RBGE Herbarium Sheet Mass Digitisation

Table of contents

Overview
Workflow
Requirements
- Hardware
- Software
Authors
Contributors
References
Citation
Licence
Document Control
- Edit This Page

Overview

This workflow is designed for the digitisation of flat herbarium sheets, undertaken as part of an in-house mass digitisation programme at The Royal Botanic Garden Edinburgh (RBGE). The workflow is based on the concepts outlined in early publications for creating minimal data specimen records. The data element of the workflow results in minimal data records, equivalent to MIDS-1, in this first stage of digitisation. The enhancement of these records will then be achieved as part of subsequent digitisation workflows. The physical curation element includes a level of specimen curation and conservation identified as a balance between achieving high throughput rates and maintaining best practice curation standards.

The workflow includes a level of automation to create the data records with associated metadata and to process the image files with associated metadata. The image processing pipeline includes Optical Character Recognition (OCR) which is carried out on all images.

Herbarium flat sheets

Workflow

These sections are used to add BPMN workflows. Text can also be included to help someone follow the workflow. Not all subheadings will be required for every workflow.

Pre-Digitisation Curation

There are three key tasks that form the pre-digitisation task cluster at RBGE:

Genus and Species Covers
Taxonomy and Names
Conservation Assessment

Genus and Species covers

A key part of the pre-digitisation curation is to ensure that key information for the finding of specimens is present and correct on both the genus and species covers. The collections are organised systematically firstly by family number. Within families the specimens are ordered by genus number. Genera are then organised by geographic regions that the specimens were collected. Within each genus cover the specimens are in species covers, with the species epithet on the bottom right hand corner of the cover.

Genus cover overview

Species cover overview

If either genus or species folders are too full they are split into additional folders to help ensure that the specimens are stored well, to help ensure their long term preservation.

An over full Genus cover

If any specimens are particularly large or bulky, they should be placed at the top of the specimen cover to reduce the risk of specimens warping and becoming damaged.

A bulky specimen causing warping of surrounding specimens

Taxonomy and Names

For this project the names are entered as they are found in the cabinets, a later project will assess all of the names in use and determine whether they should be use. The key principal is that the name used should allow the specimens to be found.

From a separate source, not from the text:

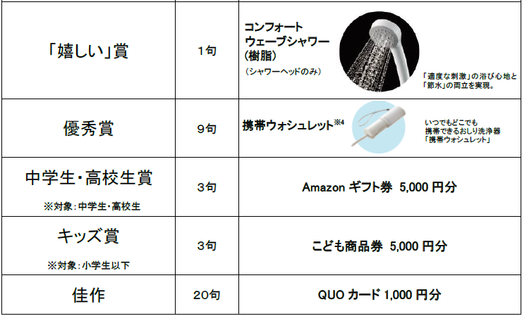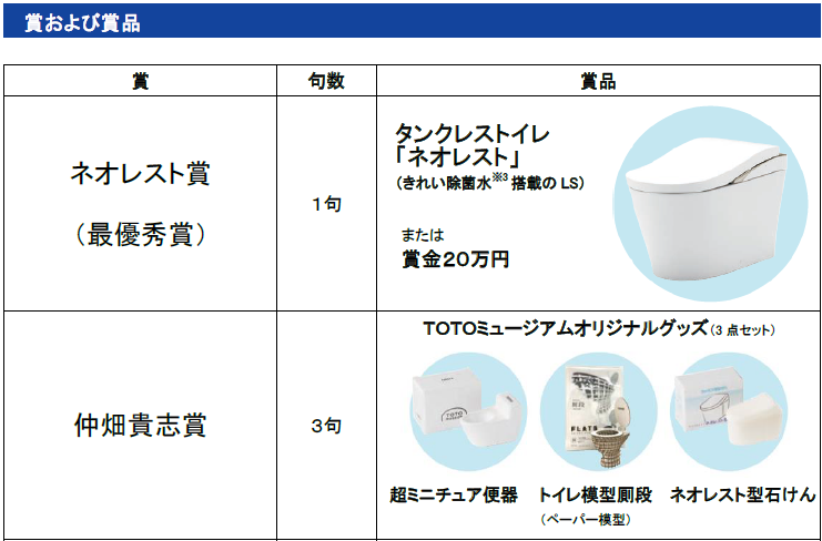 「ネオレスト賞(最優秀賞)」の他、独創的な句を選出する「仲畑貴志賞」や、小学生以下を対象とした「キッズ賞」、中学生・高校生を対象にした「中学生・高校生賞」なども設けています。皆さまの思わず笑顔になる句をお待ちしています。優秀作品※1 の20句は、トイレットペーパー型川柳集『第17回トイレ川柳大賞』<希望小売価格(予定):350円[税込み]>として、2022年11月10日(木)(トイレの日※2) にTOTO出版より発行予定です。

If a name is not present in the database it needs to be added. We are recommending the use of certain online resouces for this purpose:

Other resources if the name cannot be found above include:

Conservation Assessment

Whilst this step is included as part of the Pre-digitisation curation task cluster it is generally carried out after the Electronic Data Capture prior to Specimen Image Capture.

Where possible the repair work is carried out prior to the specimen being imaged.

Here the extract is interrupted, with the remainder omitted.